_AIM OF THE EXERCISE_
Beginning at the top of the data below, restate every line word for word until the line containing "Built on the" has been included, and omit the pictures.
════════════════════
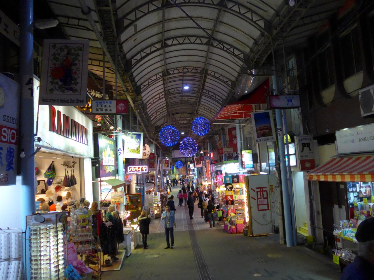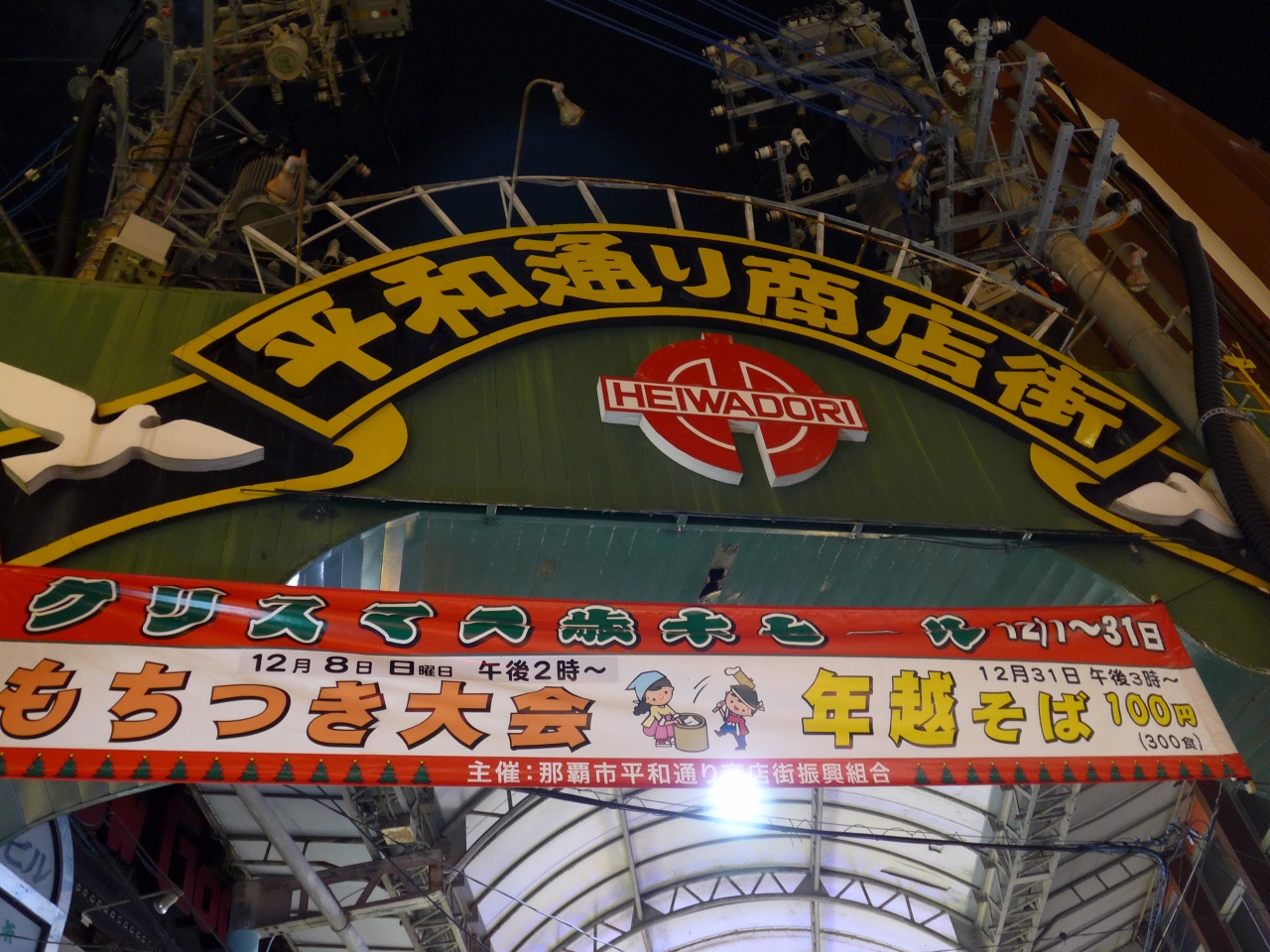 平和通商店街は沖縄・那覇空港に着いてからモノレールの「ゆいレール」に8晩目の「牧志駅」に下車し国際通りを「県庁駅」方面に向って五分ほどのところに入り口があります。近くにはドン・キ・ホーテの店舗や三越百貨店があります。
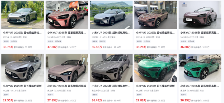 已经交付的小米 YU7 在二手市场的价格也居高不下,原价为 25.3 万元的 YU7 标准版在二手车商处的最低价格为 26.8 万元左右。SU7 和 SU7 Ultra 的二手车价格则随着保有量上的上升而有一定程度的下降。
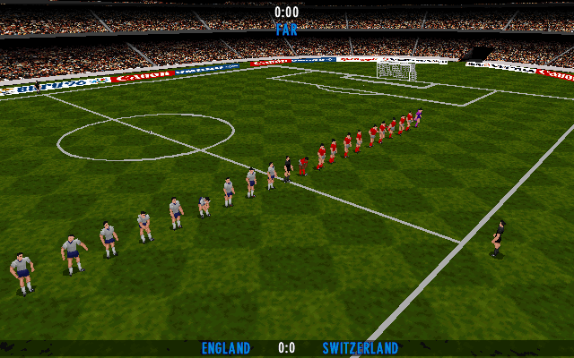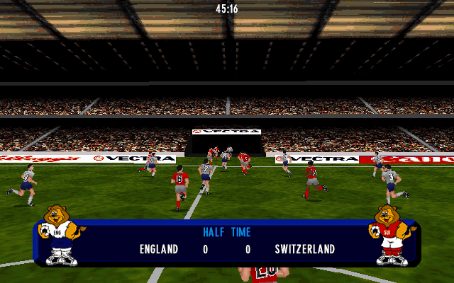 Built on the Actua Soccer engine, UEFA Euro 96 England sports fully polygonal players and stadiums, a notable step up from the sprite-based titles of earlier years. Each national kit features accurate colors and emblems, and face detail—while blocky by today’s standards—captures the essence of players in the mid-’90s. Stadiums like Wembley boast realistic crowd textures and dynamic flags fluttering in accordance with wind settings.
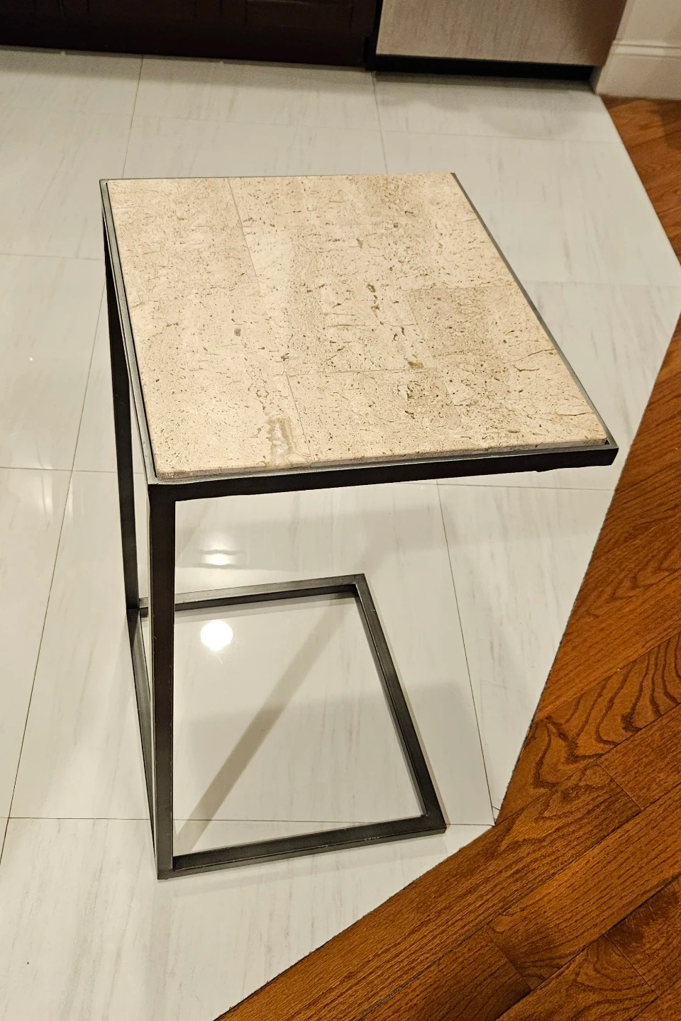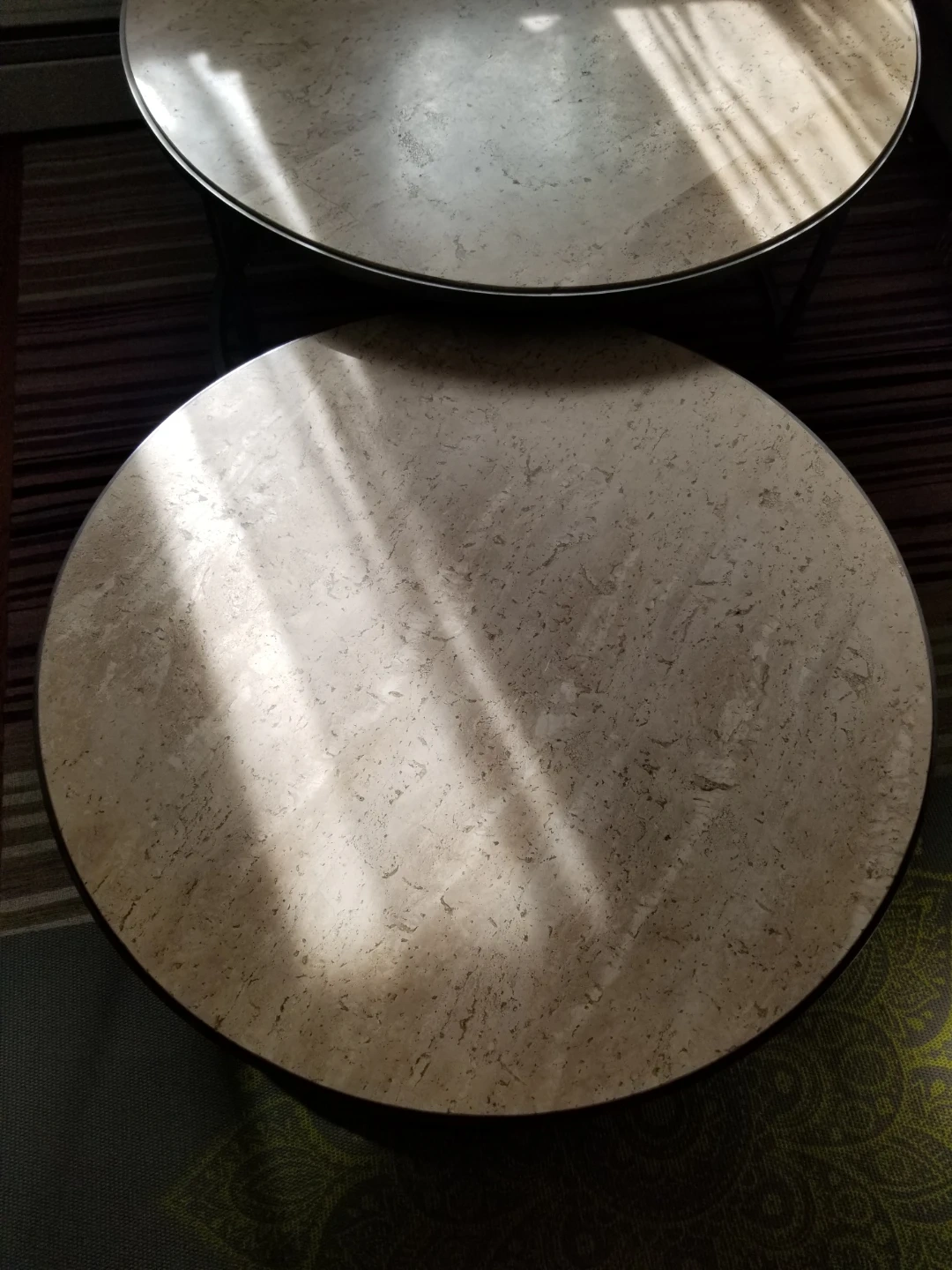 Classic contemporary style accent tables with a travertine marble top and a metal frame with pewter finish. Dimensions for the larger round table is 36"x36"x20".
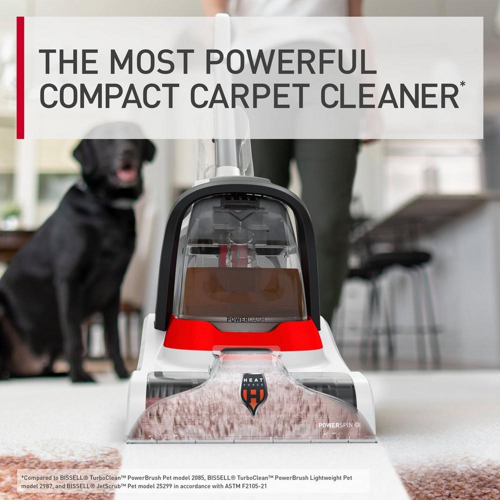The new & improved Hoover? PowerDash? Pet Compact Carpet Cleaner is the most powerful compact carpet cleaner* designed for convenient and effortless cleaning anywhere in your home. The lightweight. grab & go portability makes cleaning from room to room easy while the stronger suction helps you target deep embedded stains. Our Heatforce? Technology also assists with dry time so you can get back on your carpets faster. With even greater efficiency and powerful cleaning performance. the PowerDash? Pet Compact Carpet Cleaner is perfect for tackling any pet mess with ease.
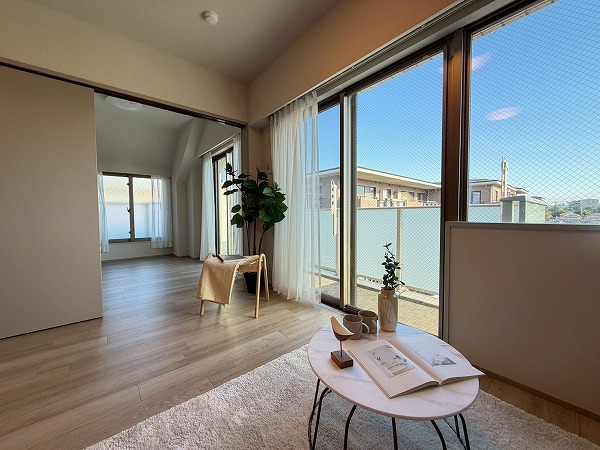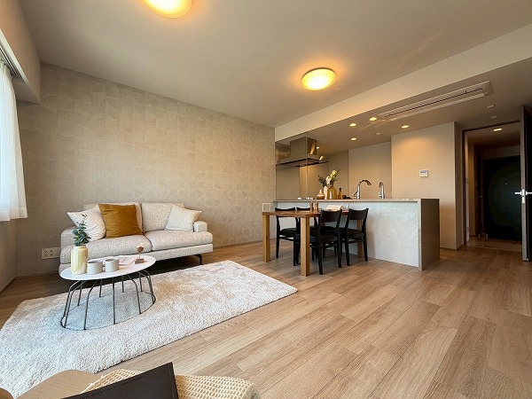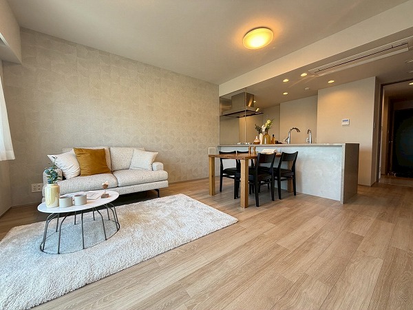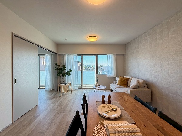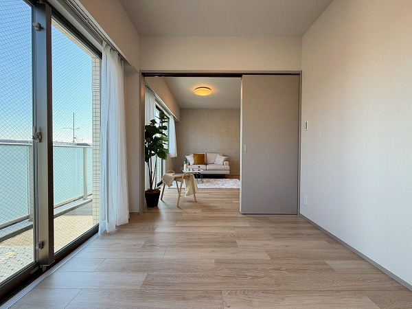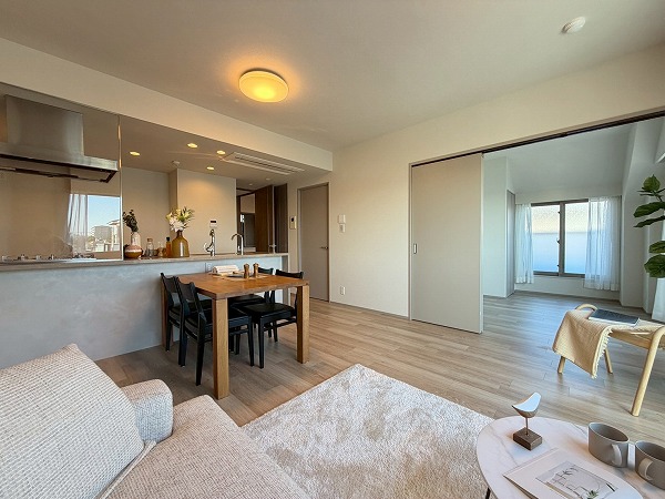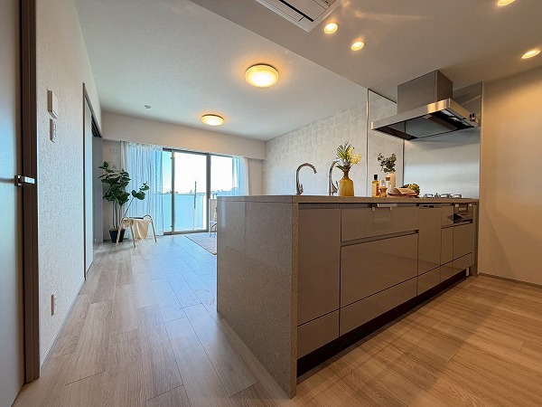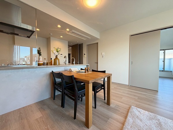 メインとなるのは、約14.6帖のリビングダイニングキッチン。床暖房が設置されており、冬場も足元からやさしく暖かいのが魅力。バルコニーに面した開口部からは光が入り、角住戸ならではの明るさと開放感が感じられます。家族が自然と集まり、穏やかな時間が流れる空間です。
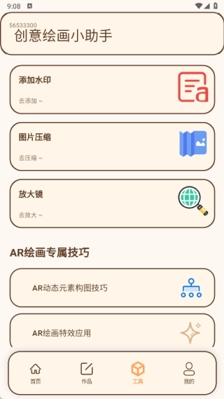 3、工具页面包含添加水印、图片压缩、放大镜功能,此外还设有AR绘画的专属技巧板块。
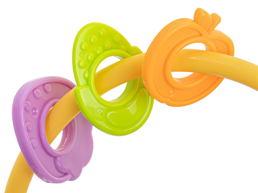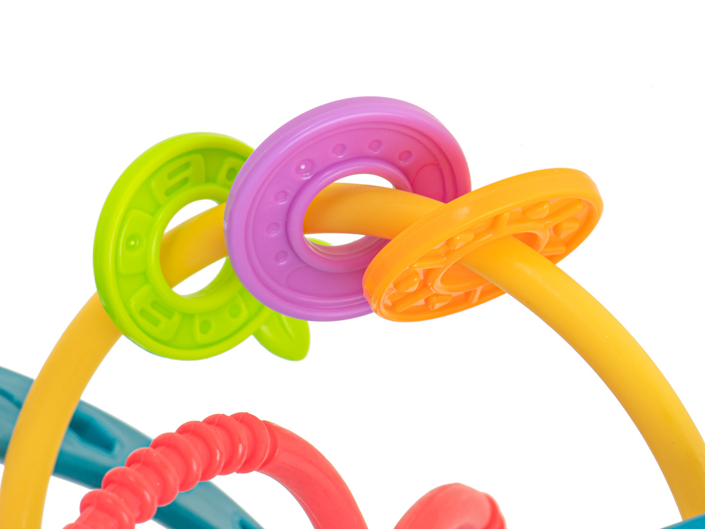 Liczne elementy gryzaka o różnych fakturach gwarantują
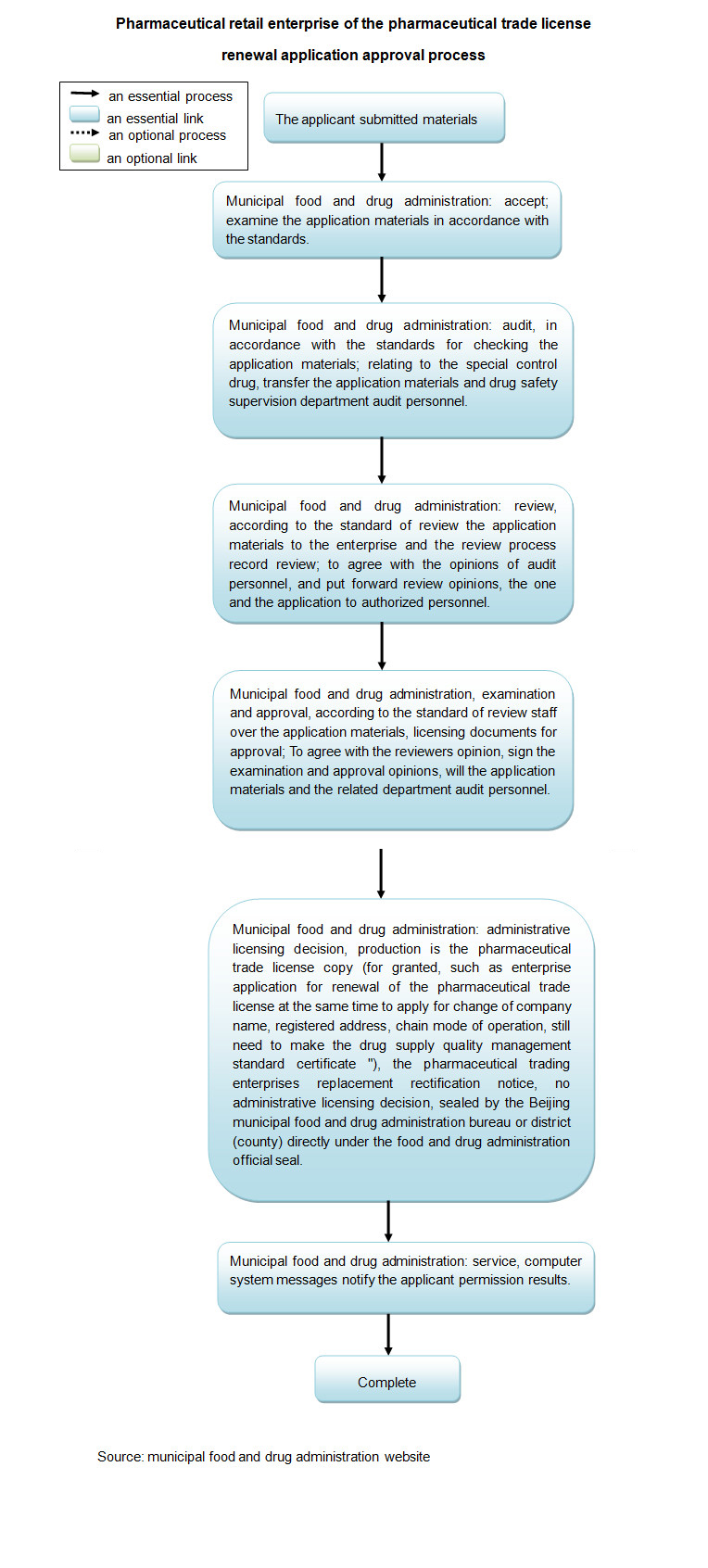Pharmaceutical retail enterprise of the pharmaceutical trade license renewal application approval process
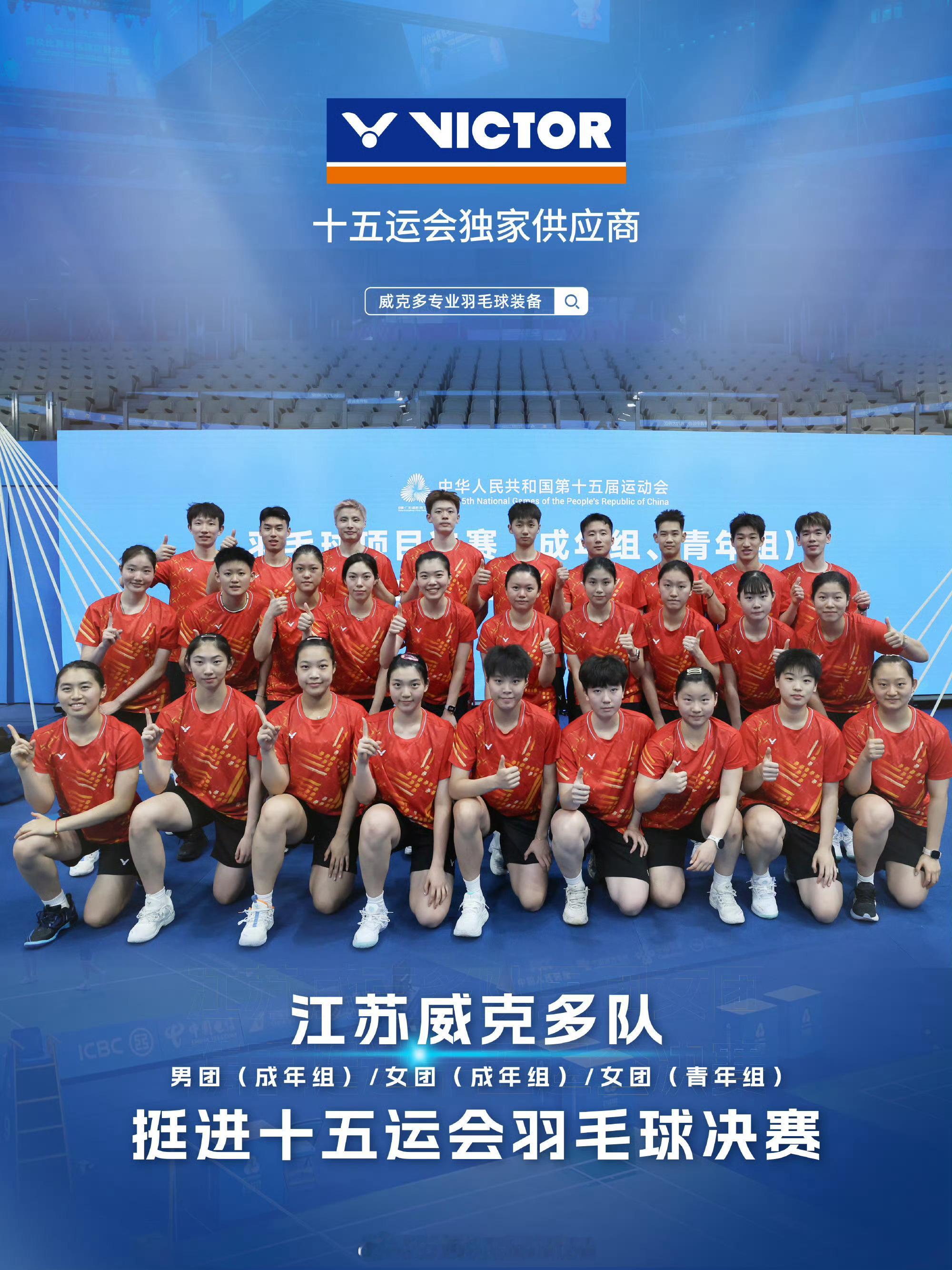 本届全运羽毛球团体赛,江苏威克多队在成年组男女团以及青年组女团上均表现优异挺进决赛,下午2点将优先展开青年女团冠军的争夺,预祝取得优异的成绩!
════════════════════
_ANSWER BOX_
 平和通商店街は沖縄・那覇空港に着いてからモノレールの「ゆいレール」に8晩目の「牧志駅」に下車し国際通りを「県庁駅」方面に向って五分ほどのところに入り口があります。近くにはドン・キ・ホーテの店舗や三越百貨店があります。
 已经交付的小米 YU7 在二手市场的价格也居高不下,原价为 25.3 万元的 YU7 标准版在二手车商处的最低价格为 26.8 万元左右。SU7 和 SU7 Ultra 的二手车价格则随着保有量上的上升而有一定程度的下降。
 Built on the Actua Soccer engine, UEFA Euro 96 England sports fully polygonal players and stadiums, a notable step up from the sprite-based titles of earlier years. Each national kit features accurate colors and emblems, and face detail—while blocky by today’s standards—captures the essence of players in the mid-’90s. Stadiums like Wembley boast realistic crowd textures and dynamic flags fluttering in accordance with wind settings.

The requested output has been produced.